Assuming a 100% dissociation, what is the freezing point and boiling point of 2.59 m K3PO4(aq).

2 answers:

3 0

Assuming 100% dissociation of K3PO4 you get each molecule of K3 PO4 dissociates into four particles: 3 K4 cations and 1 PO4 - anion. That means that Van't Hoff factor, i, is 4. i = 4. So, the decrease in freezing point of the water solution is Delta Tf = i * Kf * m.
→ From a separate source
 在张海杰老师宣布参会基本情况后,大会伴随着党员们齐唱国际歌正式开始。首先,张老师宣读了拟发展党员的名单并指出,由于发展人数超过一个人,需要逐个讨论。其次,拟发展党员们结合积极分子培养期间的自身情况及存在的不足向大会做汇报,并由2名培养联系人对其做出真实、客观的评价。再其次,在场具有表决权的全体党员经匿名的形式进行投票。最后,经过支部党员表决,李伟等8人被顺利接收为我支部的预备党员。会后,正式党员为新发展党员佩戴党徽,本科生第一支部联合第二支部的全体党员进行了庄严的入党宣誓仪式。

Where Kf is the molal cryoscopic constant of water = 1.86 °C /m; and the molality m = 2.59 m => Delta Tf = 4 * 1.86 °C / m * 2.59 m = 19.3 °C. And the freezing point is the normal freezing points less 19.3°C = 0°C - 19.3°C = - 19.3°C. The increase in the boiling point Delta Tb = i * kb * m = 4 * 0.512 °C /m * 2.59 m = 5.3°C => Tb = normal boiling point + 5.3°C = 100°C + 5.3°C = 105.3°C.

Romashka [77]3 years ago

3 0

Answer: Tb = i * kb * m = 4 * 0.512 °C /m * 2.59 m = 5.3°C => Tb = normal boiling point + 5.3°C = 100°C + 5.3°C = 105.3°C.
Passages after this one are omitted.